### Directions for this task
The listing is to be printed word for word, pictures omitted.

### Recorded data
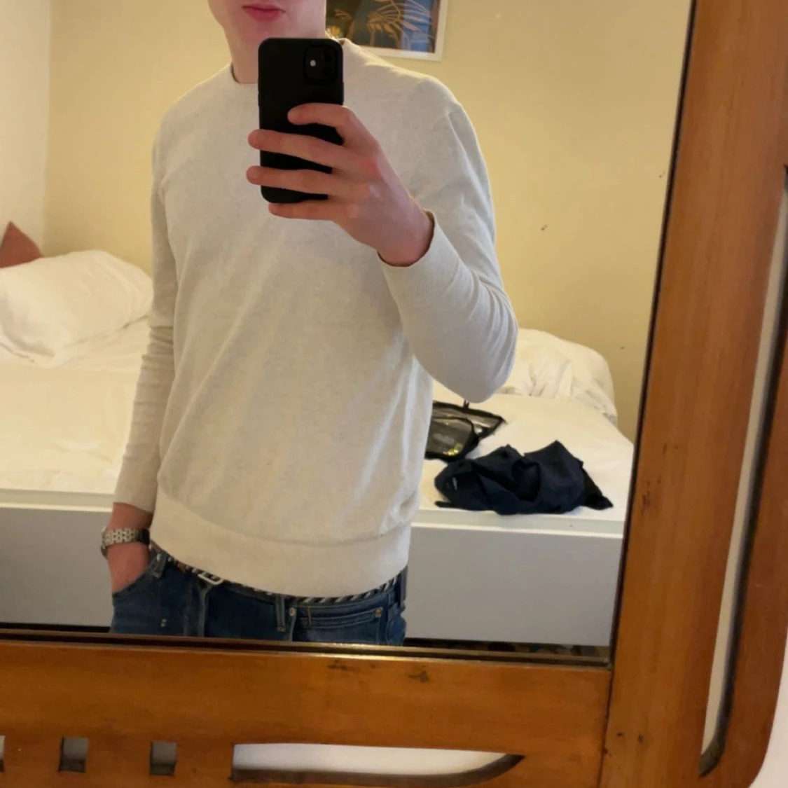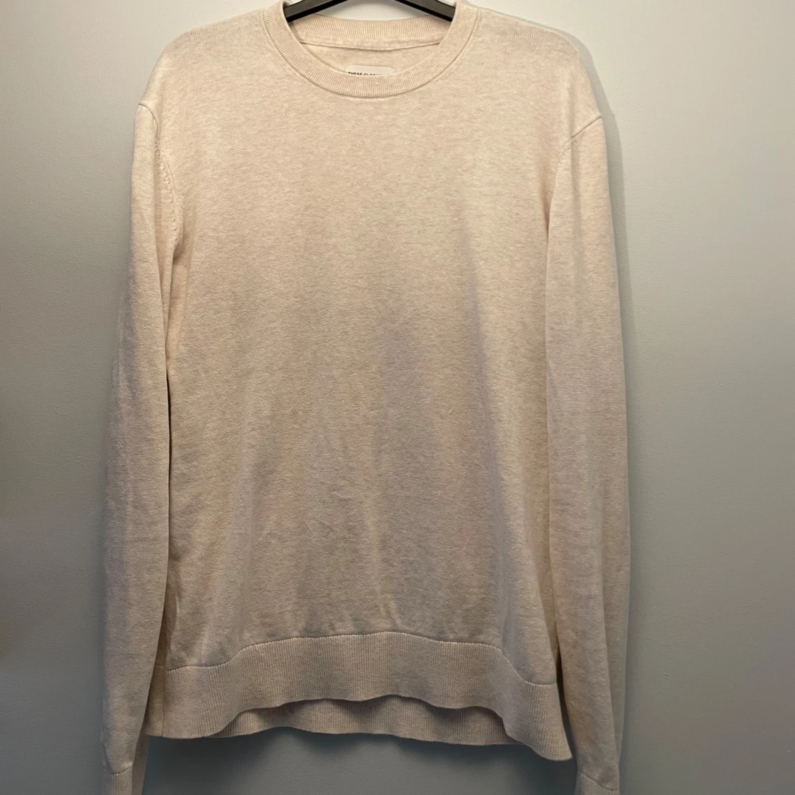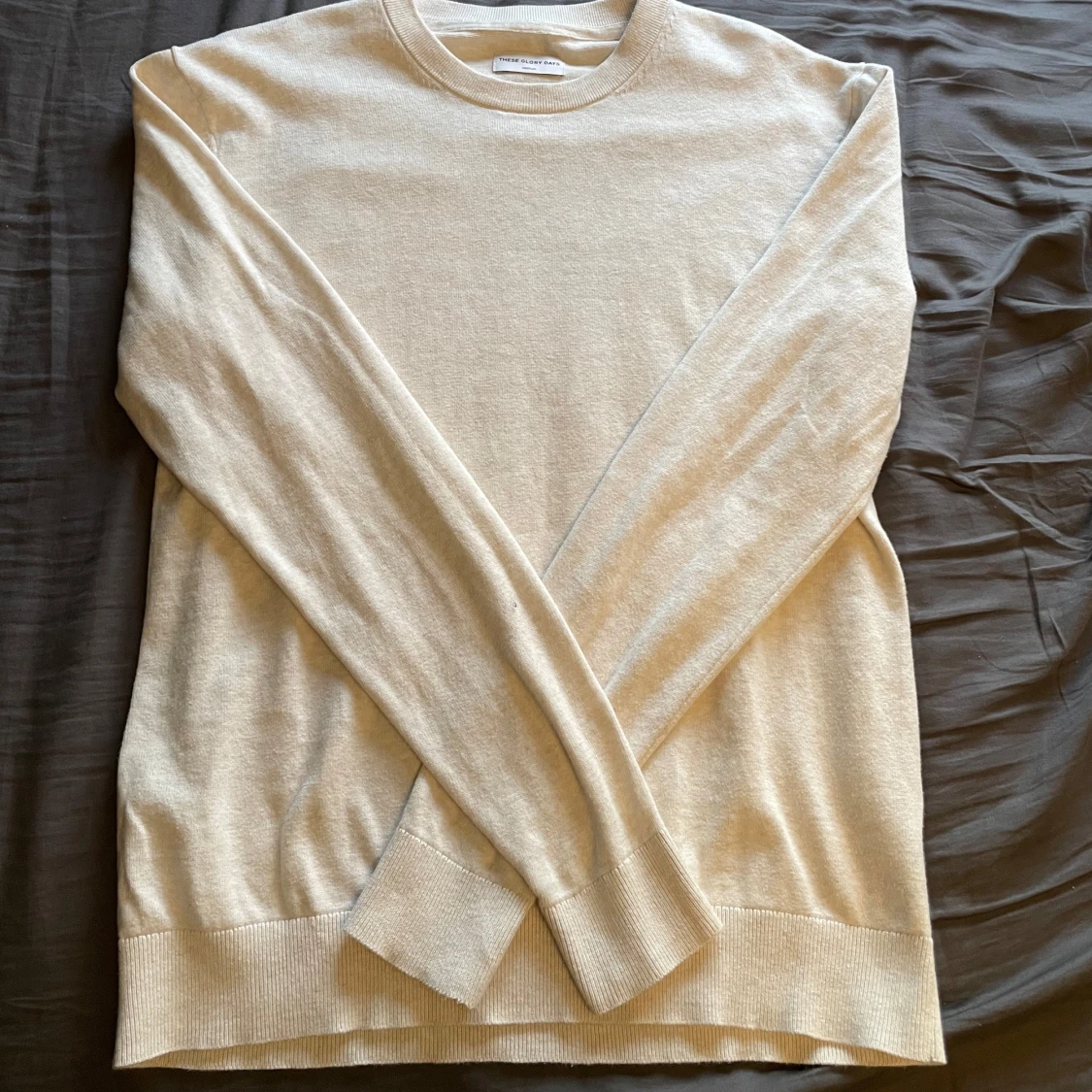 Säljer en stilren beige stickad tröja från These Glory Days med rund hals och långa ärmar| Tröjan har ribbade muddar vid ärmslut och nederkant, perfekt för dig som gillar enkel och clean look| Tröjan är knappt använd| Priset är ej hugget i sten | Hör av dig vid funderingar!
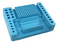 PCR實(shí)驗(yàn)時(shí)不需要碎冰,直接用預(yù)先過夜冷凍的金屬臺(tái)子,可以對(duì)PCR實(shí)驗(yàn)的試劑、樣品低溫保護(hù),一般2-4°C可以保溫5個(gè)小時(shí)。可以放置9個(gè)1.5ml管、8個(gè)2ml管、5個(gè)0.5ml 管、一個(gè)96孔PCR板、一個(gè)50ml試劑槽。
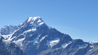 Маунт Кук, най-високият връх на Нова Зеландия, гледан от най-близкото място, което стигнахме спрямо него. Върхът е с постоянни ледници от всички страни и е бил тренировъчното място за сър Едмънт Хилари.
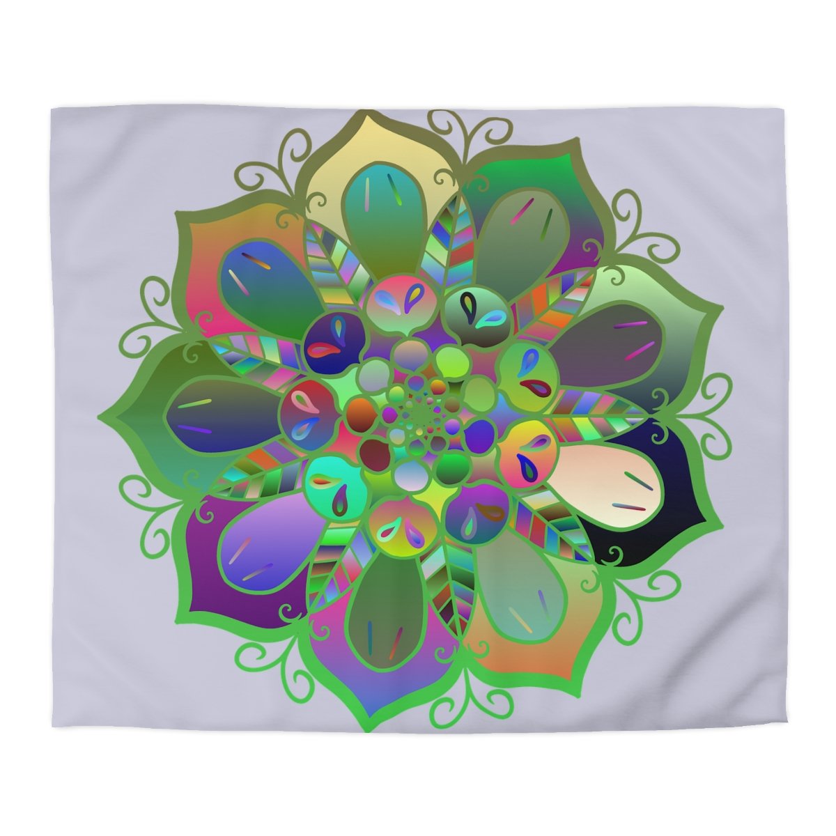 Microfiber Duvet Cover Mandala Art Drawn by Hand - Colorful Mandala on Light Grey background

### The answer
 Säljer en stilren beige stickad tröja från These Glory Days med rund hals och långa ärmar| Tröjan har ribbade muddar vid ärmslut och nederkant, perfekt för dig som gillar enkel och clean look| Tröjan är knappt använd| Priset är ej hugget i sten | Hör av dig vid funderingar!
 PCR實(shí)驗(yàn)時(shí)不需要碎冰,直接用預(yù)先過夜冷凍的金屬臺(tái)子,可以對(duì)PCR實(shí)驗(yàn)的試劑、樣品低溫保護(hù),一般2-4°C可以保溫5個(gè)小時(shí)。可以放置9個(gè)1.5ml管、8個(gè)2ml管、5個(gè)0.5ml 管、一個(gè)96孔PCR板、一個(gè)50ml試劑槽。
 Маунт Кук, най-високият връх на Нова Зеландия, гледан от най-близкото място, което стигнахме спрямо него. Върхът е с постоянни ледници от всички страни и е бил тренировъчното място за сър Едмънт Хилари.
 Microfiber Duvet Cover Mandala Art Drawn by Hand - Colorful Mandala on Light Grey background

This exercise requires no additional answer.